Example #5: Generates Sorted Test Data and Populates Excel in a “vertical” or inverted fashion.

/INFILES=random_file_placeholder
    /PROCESS=RANDOM
    /INCOLLECT=10
    /FIELD=(FIELD1, TYPE=ALPHA_DIGIT, POSITION=1, SIZE=6, SEPARATOR=",")
    /FIELD=(FIELD2, TYPE=ASCII, POSITION=2, SIZE=7, SEPARATOR=",")
    /FIELD=(FIELD3, TYPE=UPPERCASE, POSITION=3, SIZE=5, SEPARATOR=",")

/SORT
    /KEY=(FIELD1)

/OUTFILE=”'Sheet1'!A1:K3,HEADER,V;rgen.xls”
    /PROCESS=XLS
    /FIELD=(FIELD1, TYPE=ALPHA_DIGIT, POSITION=1, SIZE=6, SEPARATOR=",",SDEF="FIELD1=1")
    /FIELD=(FIELD2, TYPE=ASCII, POSITION=2, SIZE=7, SEPARATOR=",",SDEF="FIELD2=2")
    /FIELD=(FIELD3, TYPE=UPPERCASE, POSITION=3, SIZE=5, SEPARATOR=",",SDEF="FIELD3=3")

Result:

Example #6:  Takes PII from a text tab separated file, writes an encrypted/pseudonymized version to one .xlsx file, and an unmodified version to another .xlsx file.
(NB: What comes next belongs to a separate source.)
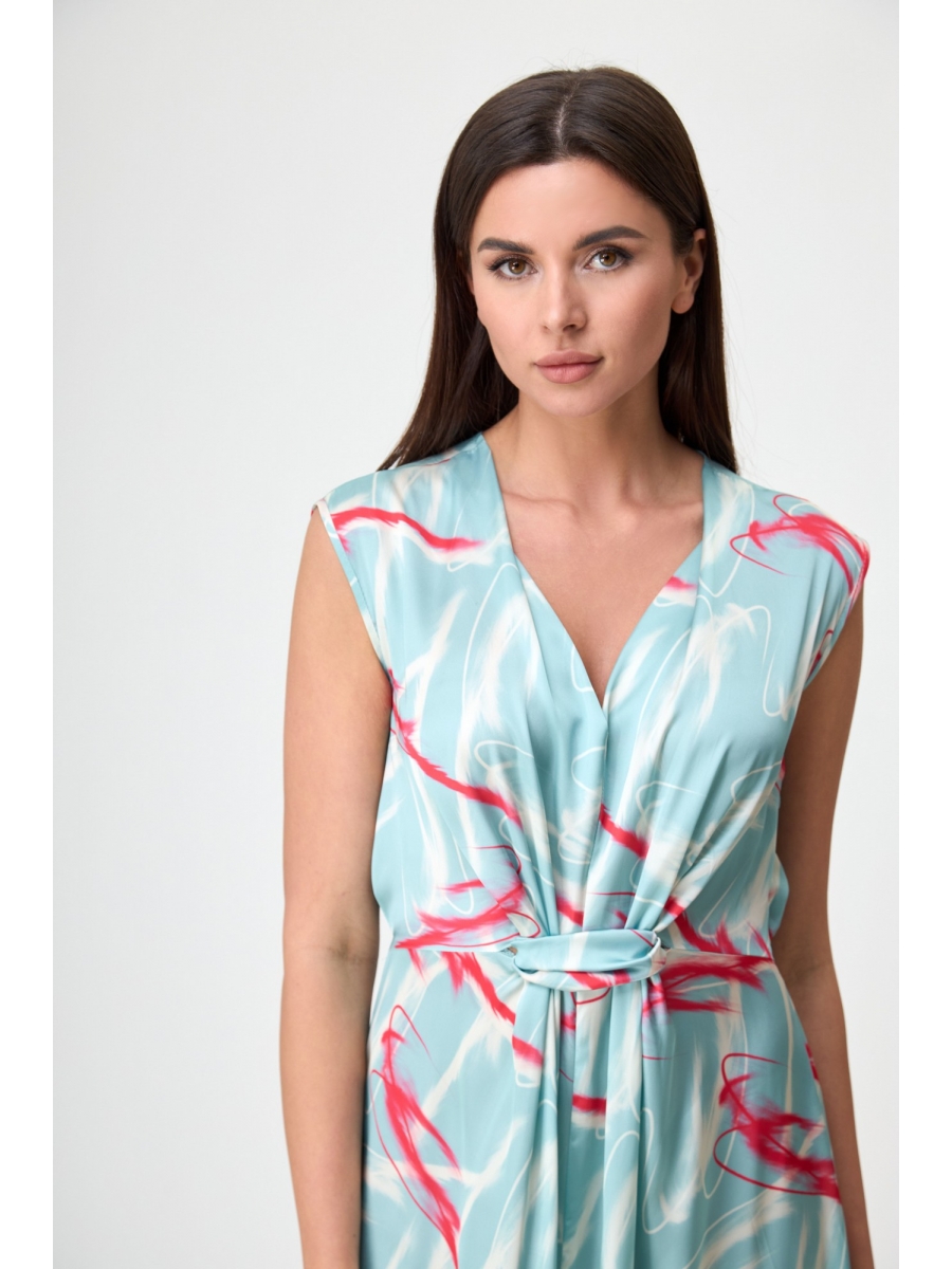 Платье женское прямого силуэта, чуть расширенное к низу, длина миди. По переду V-образный вырез горловины, по линии талии декоративный узел подчеркивающий вашу грудь. Для удобства передвижения разрез в среднем шве по переду. Линия талии спинки на резинке. Дизайнерский принт, актуальная расцветка, лёгкость, женственной и комфорт. Вся необходимая информация о производителе указана на этикетке.

The epass, or encrypted password, obscures the clear text encryption passphrase in the script.

/INFILE=personal_info
    /FIELD=(credit_card,POSITION=1,SEPARATOR='\t')
    /FIELD=(driv_lic,POSITION=2,SEPARATOR='\t')
    /FIELD=(name,POSITION=3,SEPARATOR='\t')

/REPORT

/OUTFILE=”'Sheet1'!MMM1:MMO10;personal_info_encrypted.xlsx”
    /PROCESS=XLSX
    /FIELD=(credit_card1=enc_fp_aes256_alphanum(credit_card,"epass:Gg87jCTR15Jro4AGE44ENw=="),POSITION=1,SEPARATOR='\t',SDEF="=MMM")
    /FIELD=(driv_lic1=enc_fp_aes256_alphanum(driv_lic,"epass:Gg87jCTR15Jro4AGE44ENw=="),POSITION=2,SEPARATOR='\t',SDEF="=MMN")
    /FIELD=(name,POSITION=3,SEPARATOR='\t',SDEF="=MMO",SET=C:\IRI\cosort100\sets\names\names_first_last.set)

/OUTFILE=”'Sheet1'!M1:O10;personal_info_unencrypted.xlsx”
    /PROCESS=XLSX
    /FIELD=(credit_card,POSITION=1,SEPARATOR='\t',SDEF="=M")
    /FIELD=(driv_lic,POSITION=2,SEPARATOR='\t',SDEF="=N")
    /FIELD=(name,POSITION=3,SEPARATOR='\t',SDEF="=O")

Input data (tab-separated text file):

9654-4338-8732-8128    W389-324-33-473-Q    Jessica Steffani
2312-7218-4829-0111    H583-832-87-178-P    Cody Blagg
8940-8391-9147-8291    E372-273-92-893-G    Jacob Blagg
6438-8932-2284-6262    L556-731-91-842-J    Just Rushlo
8291-7381-8291-7489    G803-389-53-934-J    Maria Sheldon
7828-8391-7737-0822    K991-892-02-578-O    Keenan Ross
7834-5445-7823-7843    F894-895-10-215-N    Francesca Leonie
8383-9745-1230-4820    M352-811-49-765-N    Nadia Elyse
3129-3648-3589-0848    S891-915-48-653-E    Gordon Cade
0583-7290-7492-8375    Z538-482-61-543-M    Hanna Fay

Output:

Encrypted/Pseudonymized:

Unencrypted:

See this article to compare this FieldShield-specific approach with other IRI tools for masking data in Excel.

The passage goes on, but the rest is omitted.